Tag: human-robot interaction

  • MIT Develops Long-Term Memory System That Lets Robots Answer Where You Left Your Keys

    MIT Develops Long-Term Memory System That Lets Robots Answer Where You Left Your Keys

    Imagine asking a robot, “Where did I leave my keys?” and getting an accurate, real-time answer. MIT researchers have created a new spatial memory framework called DAAAM (Describe Anything, Anywhere, Anytime, at Any Moment) that gives robots the ability to form and recall detailed mental models of large-scale environments. This breakthrough could transform how robots assist humans in factories, homes, and beyond.

    DAAAM combines advanced map representations with rich, language-based descriptions of objects a robot encounters as it explores. The system runs fast enough for mobile robots to use in real-time, answering complex queries in plain English with 21% to 53% higher accuracy than existing methods.

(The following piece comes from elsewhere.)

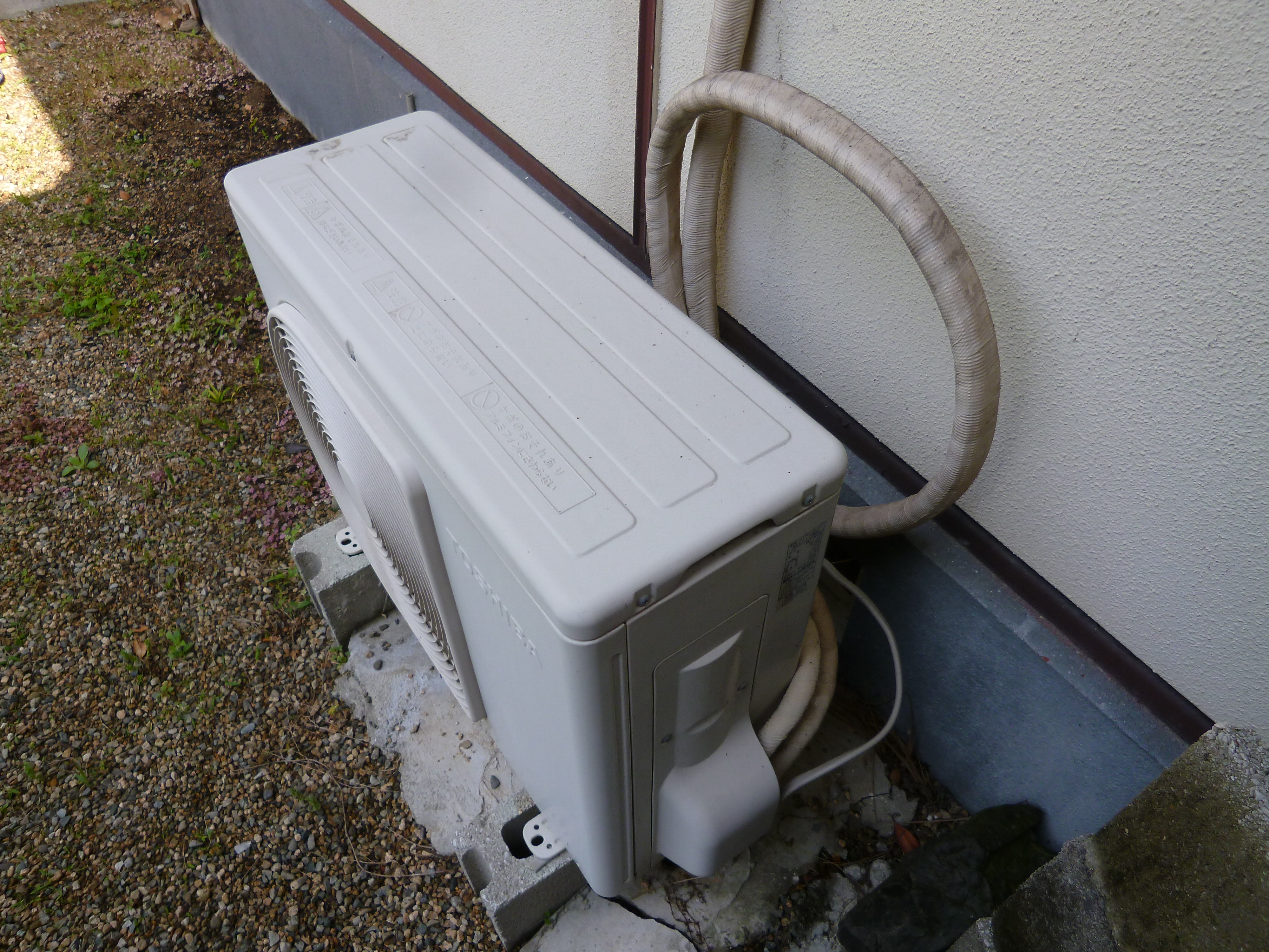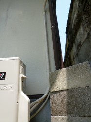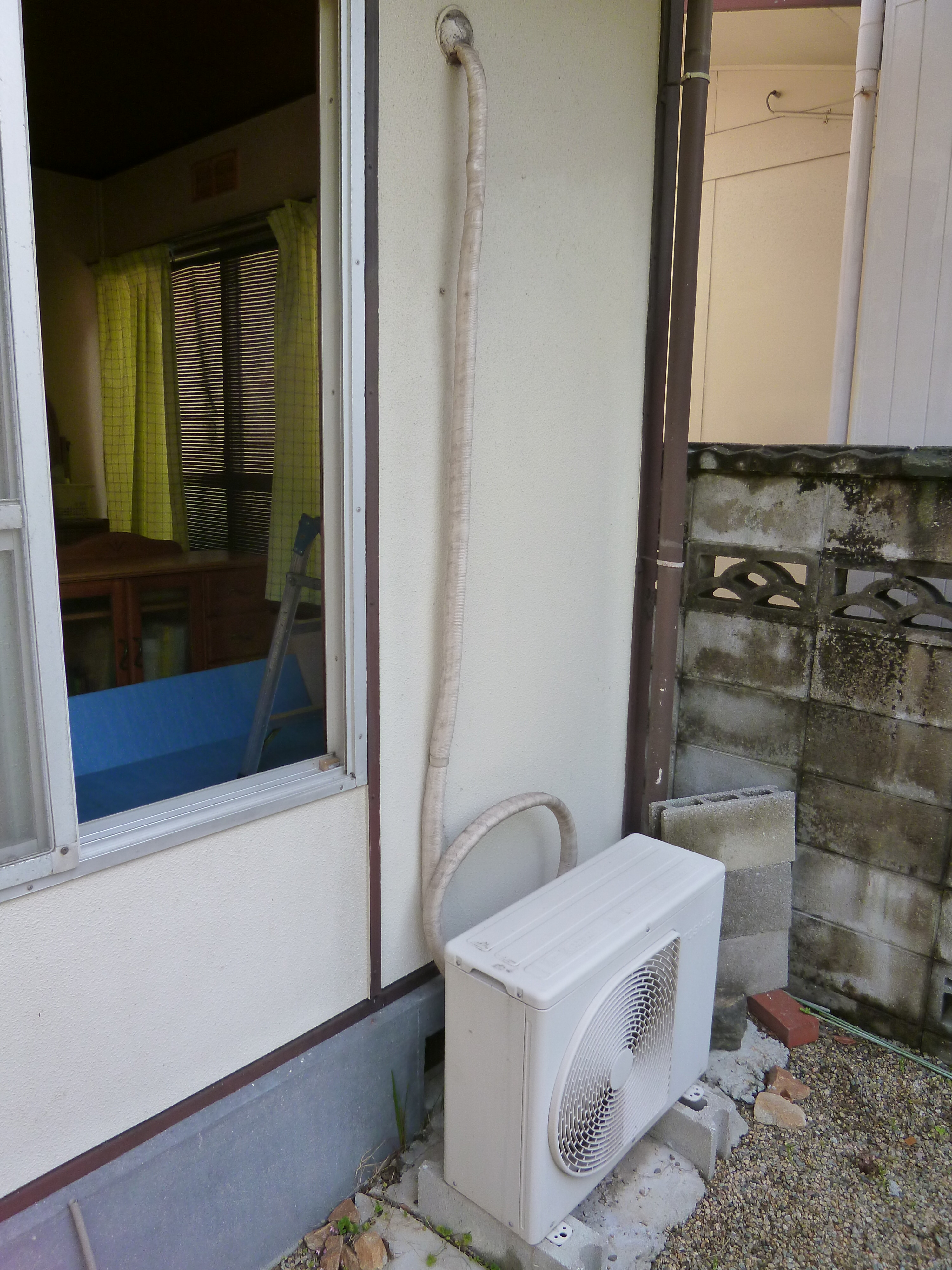 旧エアコン室外機です。パイプが、ぐるっとまわってとりつけてあります。

    “If we want robots to work side-by-side with humans and interact better with humans, they must speak the same language,” says Luca Carlone, associate professor in MIT’s Department of Aeronautics and Astronautics and lead researcher on the project. “The robot must be able to reason about time and space the same way humans do.”

    The framework bridges computer vision and robotic mapping. As a robot moves through an environment, DAAAM attaches detailed descriptions to objects—like noting that a red bicycle with a flat tire is in the bike rack outside the Stata Center. It stores this information in a 3D map-based representation arranged spatially, grouping objects into regions for efficient retrieval.

    To overcome the speed limitations of existing annotation techniques, DAAAM aggregates nearby objects and uses an optimization method to select key frames—images with the clearest view of multiple objects—allowing the system to describe several items in parallel. This speeds up computation tenfold, making real-time performance possible.

    “We annotate every object only once, so our framework can run in very large-scale environments in real time,” explains lead author Nicolas Gorlo, an MIT graduate student. “And by clustering objects into regions, it can answer a wide range of queries about objects and locations.”

    The researchers used a large language model (LLM) that calls on various tools to retrieve specific information quickly, reducing hallucinations. For example, if asked about a sculpture near an MIT campus building, DAAAM can use a semantic search tool to retrieve information based on the word “sculpture” or a location-based tool to find the building.

    Future work aims to expand DAAAM to capture significant events and incorporate confidence levels into responses. “Ultimately, we want to have robots that can help with any sort of tasks,” Gorlo says. “With this framework, we are trying to create the foundations to enable a generalist agent that can do anything you ask.”

    The research was presented at the Conference on Computer Vision and Pattern Recognition (CVPR) and funded by the U.S. Army Research Laboratory and the Office of Naval Research.

  • Two LLMs Team Up to Help Robots Interpret Vague Instructions and Prioritize What Matters

    Two LLMs Team Up to Help Robots Interpret Vague Instructions and Prioritize What Matters

    Researchers at MIT’s Computer Science and Artificial Intelligence Laboratory (CSAIL) have developed a new method that uses two large language models (LLMs) to help robots understand ambiguous instructions and focus on key details. The approach, called Masked Inverse Reinforcement Learning (Masked IRL), reduces the amount of demonstration data needed to teach a robot by nearly five times, while improving the robot’s ability to infer unspoken user preferences.

    Traditional robot training often requires either extensive physical demonstrations or detailed written instructions. Masked IRL automates the process: first, one LLM clarifies ambiguous prompts (e.g., turning “stay close” into “stay close to the surface of the table”) by comparing a user’s demonstration trajectory to the shortest possible path. Then a second LLM evaluates the environment and “masks” irrelevant details – such as a person leaning on a table – while highlighting critical ones like obstacles to avoid. The robot then uses these prioritized details to generate a safe motion plan.

    In experiments, the system correctly identified unstated user preferences up to 15 percent more often than comparable baselines. Real-world tests showed a robotic arm successfully moving a coffee mug around a laptop, wiping a table while “staying close” to it, and handing a user a bag of chips while “staying away” from both the person and the table – all after fewer than 50 kinesthetic demonstrations.

    The team plans to enhance Masked IRL with camera input, allowing robots to visually focus on relevant objects in dynamic environments. The work was supported by the Tata Group via the MIT Generative AI Impact Consortium Award and the Department of Defense, and will be presented at the 2026 IEEE International Conference on Robotics and Automation.